The brine shrimp lethality assay was performed following the reported procedure (Meyer, 1982) with some modifications (Silva et al, 2005d). The growth medium was prepared with sea water in a small tank divided into two compartments. The shrimp eggs were added to the covered compartment. A lamp was placed above the open side of the tank to attract hatched shrimps through perforations in the partition wall. After 48 h, the shrimps mature as nauplii (A. salina) and are ready for the assay. Test extracts were dissolved in three drops of Cremophor®, 2 mL of DMSO and sea water to complete 5 mL of total volume. Appropriate volumes of the resulting solution were then added in tubes, in quadruplicate, with 5 mL of saline solution containing 10 nauplii each to afford the final sample concentrations. The control samples containing Cremophor® and DMSO, under the same conditions, do not cause significant brine shrimp mortality. After 24 h incubation under light, the number of dead and survivor brine shrimps in each tube was counted. The LC50 values were calculated by graphics from drug concentration vs. lethality percentage using a probit scale adjust. Data analysis was performed with Origin 6.0 software.



Many of the collected species for the present study are already used in folk medicine. The roots of S. asterophorum, S. paniculatum and S. torvum, for example, are used in the treatment of liver diseases (Agra; Bhattacharrya, 1999), and this appears to be its most common ethnomedicinal use. A wine is produced commercially from the fruits of S. paniculatum, which also have use in popular medicine. Solanum asperum can cause skin irritation (Agra; Battacharyya, 1999). The ethnomedicinal data and other uses of the studied Solanum species are given in Table 1. The plants known to be toxic in popular medicine also showed brine shrimp bioactivity in our study.

The brine shrimp lethality for different extracts of Solanum species are given in Table 2. The extracts are considered inactive when all nauplii survive at a concentration of 1000 µg/mL (Meyer 1982). Among the thirteen plants tested, four seems to be inactive. As stated in Table 2, the extracts demonstrating molluscicidal activity (Silva et al., 2005c) were also found to be active in the brine shrimp assay. The aerial parts of S. asperum (entry 1) and S. megalonyx (entry 10), and the roots of S. palinacanthum (entry 13) were found to be inactive in both molluscicidal and brine shrimp bioassays.



The data in Table 2 show that many Solanum species (S. asterophorum, S. capsicoides, S. crinitum, S. palinacanthum, S. paniculatum, S. sisymbrifolium, and S. torvum) which are active in brine shrimp bioassay are not active against the mollusk Biomphalaria glabrata.

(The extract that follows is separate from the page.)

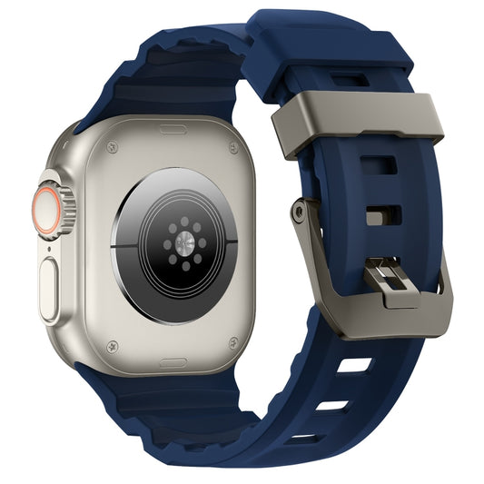 For Apple Watch 46mm / 49mm / 45mm / 44mm Wild Path Grey Buckle Thickened Silicone Watch Band(Ocean Blue)
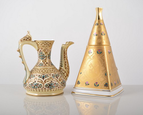 ersian design, in turquoise, tan and gilt glazed, 13.5cm together with an English porcelain, a commemorative candle holder and cover, pyramidal form

On the other hand, all the Solanum species which demonstrated molluscicidal activity (Silva et al., 2005c) were also active against A. salina. The most active extracts in this study were found to be the ones from the roots of S. asterophorum (CL50 = 107.3 µg/mL; entry 5) and from the aerial parts of S. torvum with CL50 = 295.2 µg/mL (entry 22). Surprisingly, the chemical study of the latter species did not show the presence of any glycoalkaloid (Mahmood et al., 1985), whereas, the former showed the presence of alkaloids (Silva et al., 2005c). This suggests that the observed bioactivity is not only due to the presence of alkaloids but other constituents (e.g., saponins, sapogenins) may also play an important role.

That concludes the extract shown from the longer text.